What you should do >> Images don't belong in the copy. Output the rest of the data exactly.
Segment Start: Exercise materials
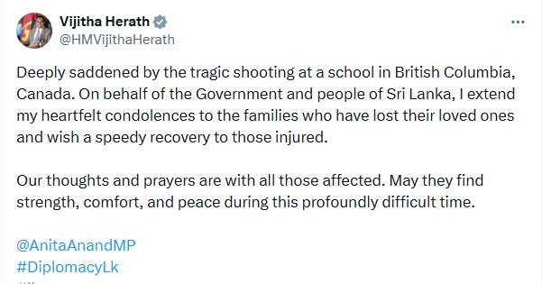 இது குறித்து எக்ஸில் பதிவிட்டுள்ள அமைச்சர் விஜித ஹேரத், கனடாவின் பிரிட்டிஷ் கொலம்பியாவில் உள்ள ஒரு பாடசாலையில் நடந்த துயரமான துப்பாக்கிச் சூடு சம்பவத்தால் மிகவும் வருத்தமடைந்தேன்.
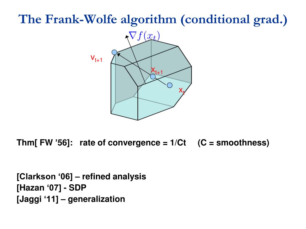 The Frank-Wolfe algorithm (conditional grad.) Thm[ FW ’56]: rate of convergence = 1/Ct (C = smoothness) [Clarkson ‘06] – refined analysis [Hazan ‘07] - SDP [Jaggi ‘11] – generalization vt+1 xt+1 xt
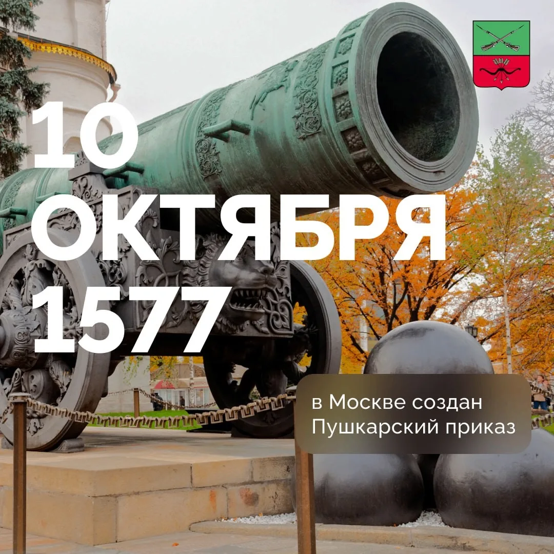 Пушкарский приказ был создан 10 октября 1577 года и объединил все пушечные избы в крупных городах Русского государства
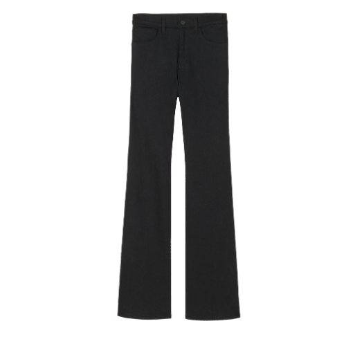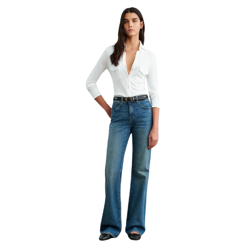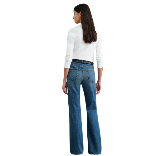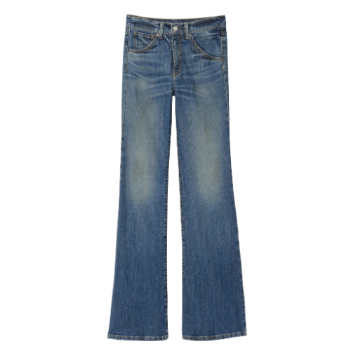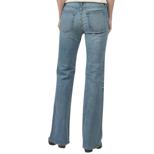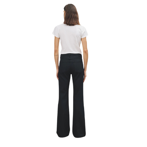 Mid-rise flare leg jean in Japanese stretch denim. Five pocket details. Zip fly. Shank closure. Belt loops.
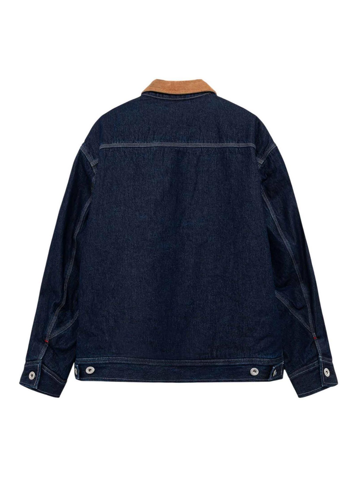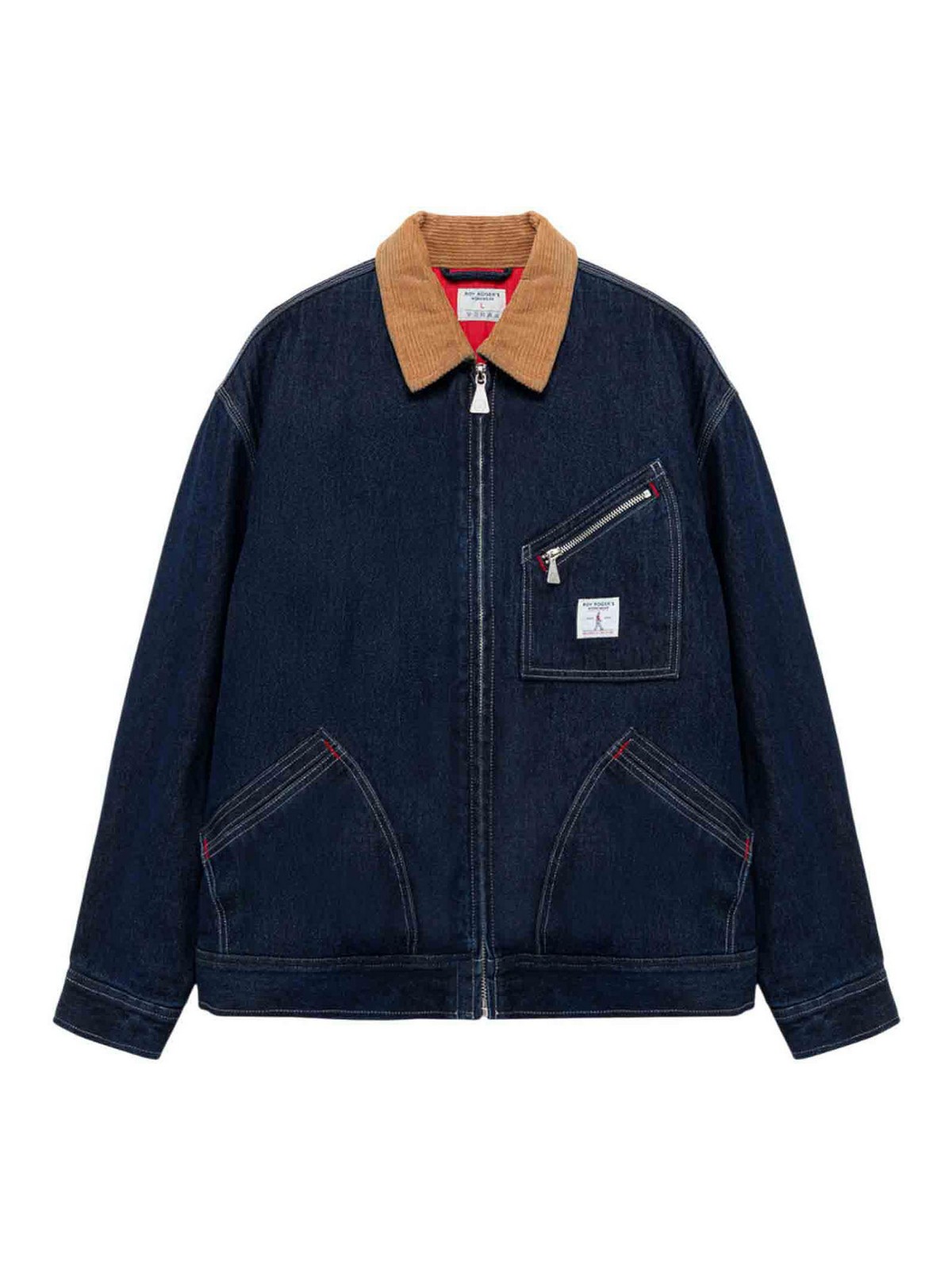 Veste de travail en jean Roy Rogers pour homme avec col en velours Veste pour homme inspirée des vestes de travail classiques, fabriquée en denim 100 % coton avec délavage foncé et coutures contrastantes. le col en velours côtelé ajoute une touche rétro distinctive, tandis que la fermeture avant avec fermeture éclair et tirette zippée de marque garantissent praticité et style. le modèle est complété par une poche poitrine zippée et l'étiquette Roy Rogers appliquée, ainsi que des poches asymétriques sur le devant qui améliorent sa fonctionnalité caractère. La coupe classique assure confort et liberté de mouvement, parfaite pour look décontracté et authentique avec une touche de vêtement de travail.
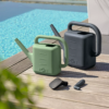 MOJA laistytuvas padaro augalų priežiūrą paprastą ir malonią. 5 arba 10 litrų talpos šis stilingas laistytuvas patikimai palaisto įvairaus dydžio augalus. Dėl ergonomiškos, aplink visą korpusą esančios rankenos jį patogu laikyti net ir pilną. Tvirtas, modernus dizainas atrodo patraukliai ir užtikrina stabilų pastatymą. Išorėje esanti aiškiai matoma vandens lygio skalė leidžia lengvai stebėti vandens kiekį. Išskirtinė kubo forma paverčia laistytuvą stilingu akcentu sode ar terasoje. Galima rinktis iš trijų modernių spalvų, derančių prie jūsų žaliosios erdvės.
Segment End: Exercise materials
Exercise result >>
 இது குறித்து எக்ஸில் பதிவிட்டுள்ள அமைச்சர் விஜித ஹேரத், கனடாவின் பிரிட்டிஷ் கொலம்பியாவில் உள்ள ஒரு பாடசாலையில் நடந்த துயரமான துப்பாக்கிச் சூடு சம்பவத்தால் மிகவும் வருத்தமடைந்தேன்.
 The Frank-Wolfe algorithm (conditional grad.) Thm[ FW ’56]: rate of convergence = 1/Ct (C = smoothness) [Clarkson ‘06] – refined analysis [Hazan ‘07] - SDP [Jaggi ‘11] – generalization vt+1 xt+1 xt
 Пушкарский приказ был создан 10 октября 1577 года и объединил все пушечные избы в крупных городах Русского государства
 Mid-rise flare leg jean in Japanese stretch denim. Five pocket details. Zip fly. Shank closure. Belt loops.
 Veste de travail en jean Roy Rogers pour homme avec col en velours Veste pour homme inspirée des vestes de travail classiques, fabriquée en denim 100 % coton avec délavage foncé et coutures contrastantes. le col en velours côtelé ajoute une touche rétro distinctive, tandis que la fermeture avant avec fermeture éclair et tirette zippée de marque garantissent praticité et style. le modèle est complété par une poche poitrine zippée et l'étiquette Roy Rogers appliquée, ainsi que des poches asymétriques sur le devant qui améliorent sa fonctionnalité caractère. La coupe classique assure confort et liberté de mouvement, parfaite pour look décontracté et authentique avec une touche de vêtement de travail.
 MOJA laistytuvas padaro augalų priežiūrą paprastą ir malonią. 5 arba 10 litrų talpos šis stilingas laistytuvas patikimai palaisto įvairaus dydžio augalus. Dėl ergonomiškos, aplink visą korpusą esančios rankenos jį patogu laikyti net ir pilną. Tvirtas, modernus dizainas atrodo patraukliai ir užtikrina stabilų pastatymą. Išorėje esanti aiškiai matoma vandens lygio skalė leidžia lengvai stebėti vandens kiekį. Išskirtinė kubo forma paverčia laistytuvą stilingu akcentu sode ar terasoje. Galima rinktis iš trijų modernių spalvų, derančių prie jūsų žaliosios erdvės.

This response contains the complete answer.